Well, maybe not glad, but I'll bet you'll be appreciate nicer finish anyway . . . I hope. 
	

	
	
		
		



		
		
	


	





Dave


----------



## wavector (Aug 22, 2009)

It could have been worse. What I usually do for my NB Black Diamond is take a side grinder to it with a wire wheel. I would post some pics if I had them. Maybe I'll take some, next time, of me with all of that black stuff all over my clothes. Always remember to wear a leatrher gloves, safety glasses and a faceshield when working with side grinders.


----------



## tasunkawitko (Aug 22, 2009)

actually, guys - it wasn't that bad - the paint blistered in only a few places. things cooled off a bit, and about 90% of the paint went back to where it was - the only bits i lost were little dots pea-sized and down in a few places, and another spot on the bottom about the size of a couple of grapefruits sitting side-by-side. 
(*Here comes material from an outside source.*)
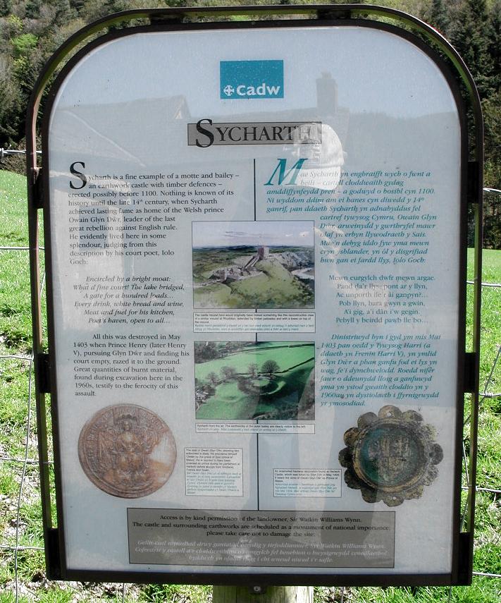 Cyn belled ag yr oedd Owain Glyndwr yn y cwestiwn, nid oedd neb yn fwy toreithiog na Iolo Goch, ac mae llawer o'i gerddi ar gael i ni. Mae 'Llys Owain Glyndwr' yn cyfeirio'n arbennig at Sycharth. Yn ei lyfr Iolo Goch: Poems, disgrifia Dr Dafydd Johnston y gerdd hon fel un 'ddifyr iawn ar lefel arwynebol fel portread o dy hardd, ond gorwedd ei gwir rym yn arwyddocâd symbolaidd y disgrifiad fel adlewyrchiad o drefn gymdeithasol ddelfrydol'. Mae'r gerdd yn rhoi sylw manwl i adeiladwaith y castell a disgrifiad o'r cyffiniau. Beth sy'n fwy arwyddocaol, fodd bynnag, yw'r darlun a roir i ni gan y bardd o gartref rhadlon, cynnes a gwahoddgar ble y croesewir pob teithiwr didwyll â chynhaliaeth, lloches a chymdeithasgarwch.

i've rubbed them down with lard (actually rubbed the whole thing down) and started a smaller fire the length of the cooking chamber to cure the lard into the surface. it cleaned the inside pretty good with nearly everything burning down to just a very small bit of white ash (a testament to how hot it was). i used a grill brish to brush down the inside which is now clean but still full of ash. i also gave a smaller version of the same treatment to the firebox. (rubbed it down with lard FIRST).

end result, it's not as bad as i thought it was at first, but it's not great. i will be rubbing the surfaces down with lard for the next few smokes until i get a good, hard cure all over, and things will be fine. next year or the or over the winter i might take it out to my dad's shop and give it a good going over with hi-temp paint, but i am leery of that stuff unless a person can find about 1400-degree paint. but, the firebox has done well with just an occaisonal rubdown with olive oil or lard (no rust yet!), so i will probably continue this all over as-needed.


----------



## rivet (Aug 22, 2009)

Whatever you do, DO NOT PAINT THE INSIDE OF THE FIREBOX OR SMOKING CHAMBER!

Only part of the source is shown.